Why not nationalize the benevolent monopolist ARM, since Softbank wants to sell? Purchase by Nvidia would be a catastrophe. It doesn’t make superprofits, so the aim would be prevention.
Part 1 – General Argument
At this juncture of history, and looking ahead indefinitely, cost-benefit analysis in the exchange-value “dimension” – a social-fictive dimension with no real physical system meaning and measured in the floating, unstable base unit of the numéraire – is a meaningless exercise and indeed highly counterproductive. Following this path, we will compound our real system errors and damage real people, real economy and real environment with further consequent destructive feed-backs in the meta-system of socio-environmental systems consisting of “the tightly linked social and biophysical subsystems which mutually influence one another.”
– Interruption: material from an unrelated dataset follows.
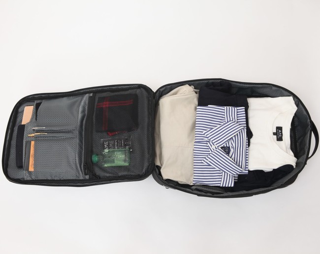 容量は35リットルで、荷物がたっぷり入る大きさ。2~3泊の出張時の荷物も、ストレスなく収納できます。

The irreversible collapse of real systems (e,g, the benign Holocene climate) is the comprehensive refutation of capitalism’s formal, prescribed systems. Orthodox political economy (that of really existing capitalist-state mixed economy systems) is an entirely prescriptive discipline. It is not a descriptive or objective discipline. It prescribes, “This is how things SHOULD work.” It does not describe how things DO work except where the real “obeys” or at least does not “forbid” the prescriptions.
This last is a central point. Before we approached biospheric limits (as limits to growth and limits to “business as usual”), the prescriptive algorithms (for that is what they are) of historical and extant “capitalisms” were operable in real systems albeit often with horrendous human and natural costs (slavery, imperialism, settler colonialism, pollution and “sacrifice zone” environmental destruction). This historical operability of current “capitalist” or “really existing economic system” prescriptions is now breaking down as the sacrifice zones expand without check. The atmosphere and climate systems are now become a global sacrifice zone of the un-sacrificable.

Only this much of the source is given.